Doom sayers? I won't even go there, but look up the definition. Even if the government mangled the SE's, it wouldn't be the end of them.

As for your whole rant about PC's, why? We all know what happened to IBM, we've seen the movies, read the books, and read the articles. There really wasn't even a point to the story. You simply are just an angry person, and must feel the need to vent at everything, and bring up old stories to make you feel superior?

Also, if big government wrecked um, 'American Industry', then how could a vote for Gore destroy it? I mean, to wreck is to destroy, mangle etc.

When you're done, please make sure to brush the sand off the back of your neck. You know, when you take your head out.

Indeed. There's no need for

Indeed. There's no need for regulation. Scholars sounding off on this are more then likely those who don't know how to use the search engines correctly and can find what they want.

I use Google all the time and it's my only one...because I find ANYTHING I want to (and I mean that literally) within the first page or 2 of results...sometimes 3 if need be, very rarely beyond that. There's no need for "regulation." The last time fancy sheez tried to happen (when advertisers were paying to be at the top) was quickly discovered and debunked where it couldn't happen.

It all comes down to the following factors:

a) what you are searching for
b) where you are searching from (location)
c) what search engine you are using

Different engines return different results...or if you are smart enough to know and utilize there are sites that crawl a bunch of them at once, thus returning even more results (dogpile is one).

Who cares WHERE it comes from, just as long as you get your answer...which is I'm sure when many of us are searching for information what we ARE looking for...the answer to our question/query.

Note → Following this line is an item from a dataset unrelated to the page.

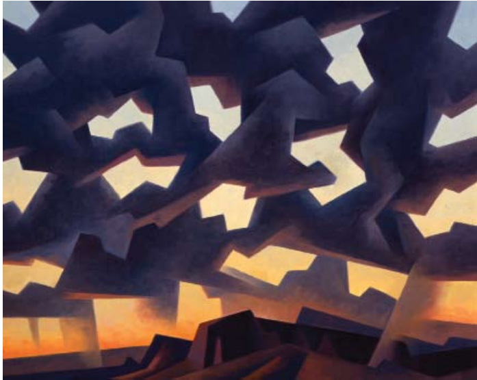
Ed Mell (b.1942) Cloud Matrix , oil on linen, 20 x 24 inches

This idea of regulation is just another bunk of k-rap.

Goog. vs. Gov.

Hmm, One regulator put in place to regulate another regulator? No sense in that. Results skewed toward one business and away from another, vs. over regulation and one political party using the regulation against another. That's not a good option. As long as regulation remains in the hands of the public, even a giant like Google could be brought down if needed, once it is in the hands of government, it is cnot regulated, it is codified, and available for what ever tyrant chooses to use it!

Regulation

Regulation mostly creates a bad taste for most, but is it not true that so many Search Engine are done in bad taste and are irresponsible in their ways with nothing to offer. Why not just cancel them withdraw there URL we have to many anyway and who can’t act responsible on the Net should not be on it anyway. Ernest from http://Directory.com.au

Bad idea

If the search engines are free then it should be up to them what they do. As long as they are ethical and fair I cannot see the problem. Because there are so many search engines available, they need to keep a good rep to stay popular.
If any gov controls the search engines there will be a massive cost, which will have to be paid by someone?